If X and Y are random variables with the same distribution, prove that f(X) and f(Y) are random variables that have the same distribution.
Solution 1:
You are using the fact that $X$ is a random variable, that $f$ is Borel measurable, and that pre-images obey the rule $Z^{-1}(B)=X^{-1}(f^{-1}(B))$ for $Z=f(X)$. Neither of the first two assumptions can be relaxed.
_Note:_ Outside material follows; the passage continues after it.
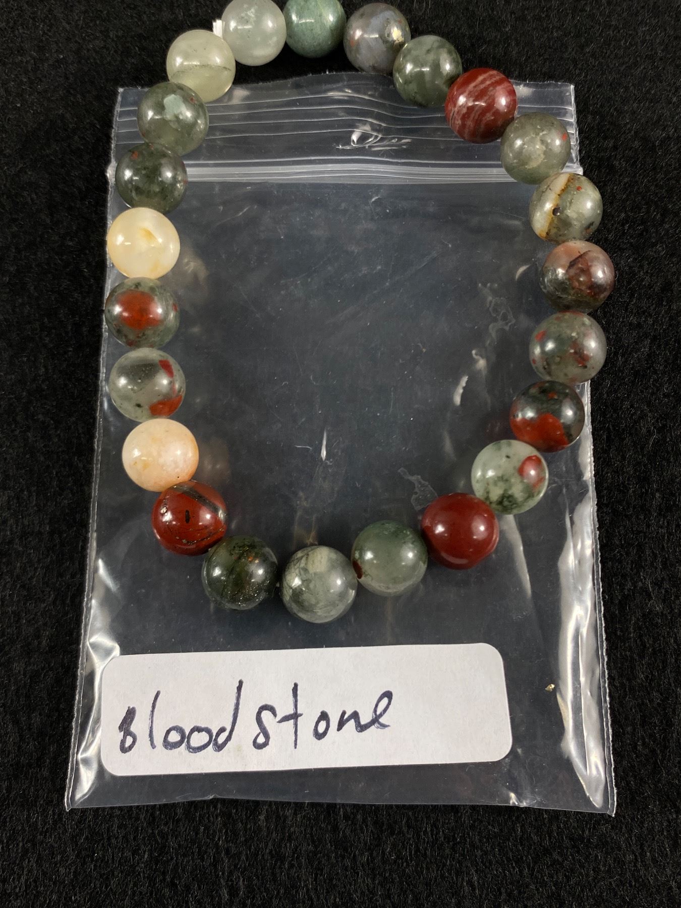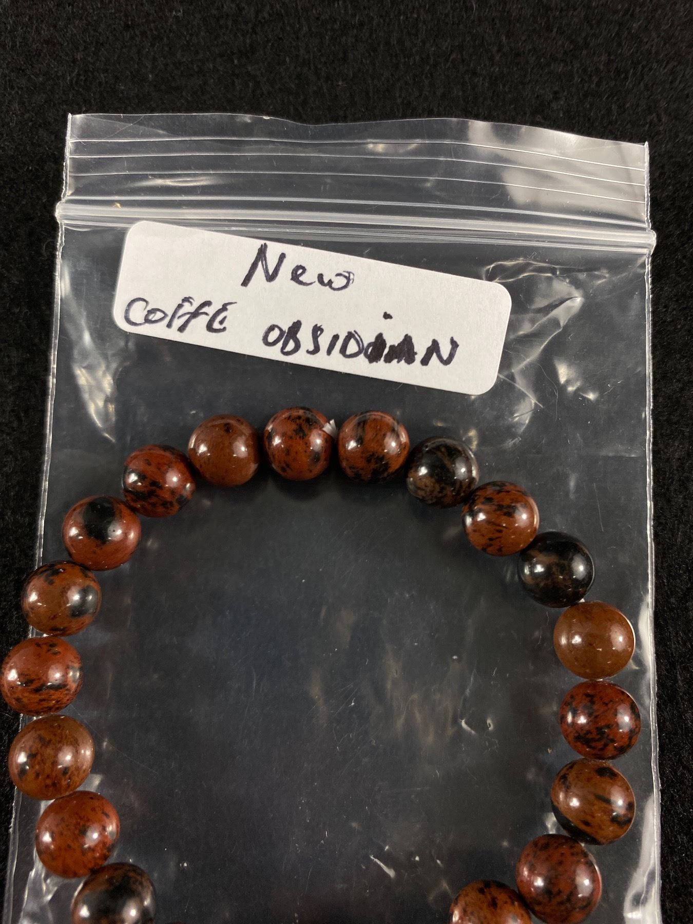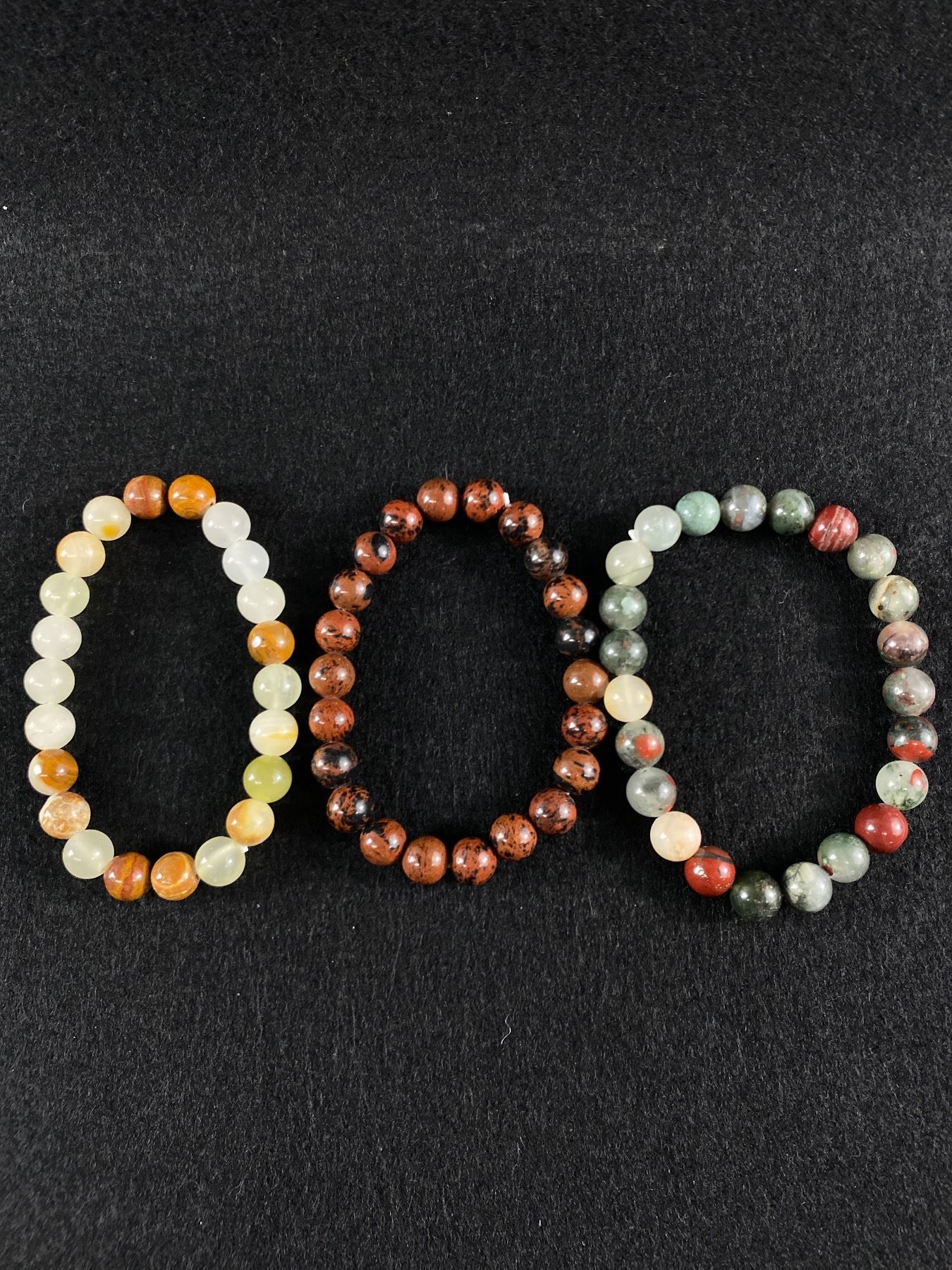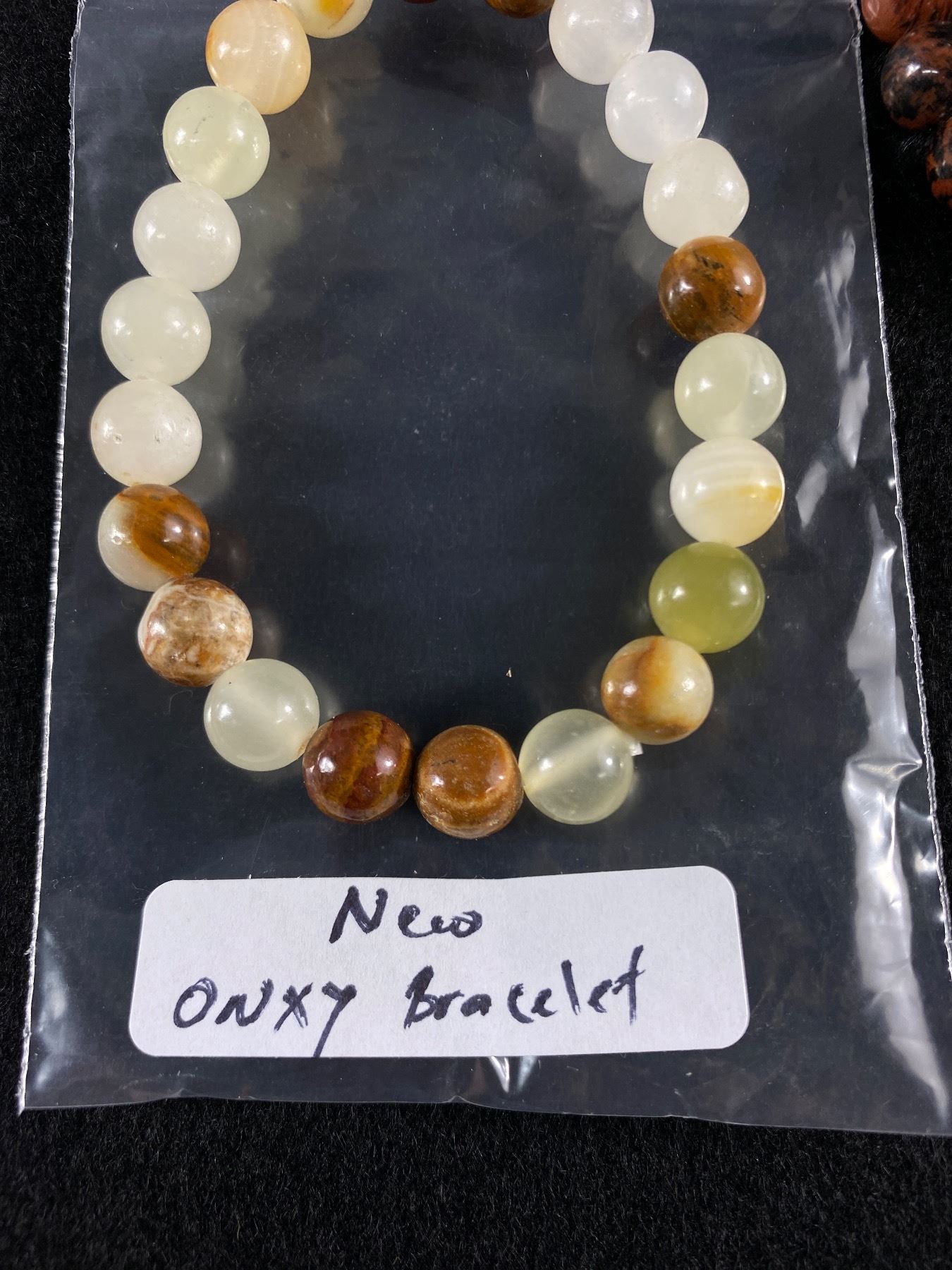 3 New Stone Bead Stretch Bracelets - Onxy, Bloodstone & Coffee Obsidian

If $P(X\in A)=P'(Y\in A)$ for all $A\in\mathfrak B$, then 2. follows from the fact that $$ P(f(X)\in A)=P(X\in f^{-1}(A))=\cdots=P'(f(Y)\in A) $$ and that $f^{-1}(A)\in\mathfrak B$ for all $B\in\mathfrak B$ since $f$ is assumed Borel measurable.
Solution 2:
For 1: Show $(f \circ X)^{-1} (A) \in \mathfrak{F}$ for any $A \in \mathfrak{B}$.
For 2:
$P \{ \omega | F(X(\omega)) \in A \} = P \{ \omega | X(\omega) \in F^{-1}(A) \} = P' \{ \omega | Y(\omega) \in F^{-1}(A) \} = P' \{ \omega | F(Y(\omega)) \in A \}$.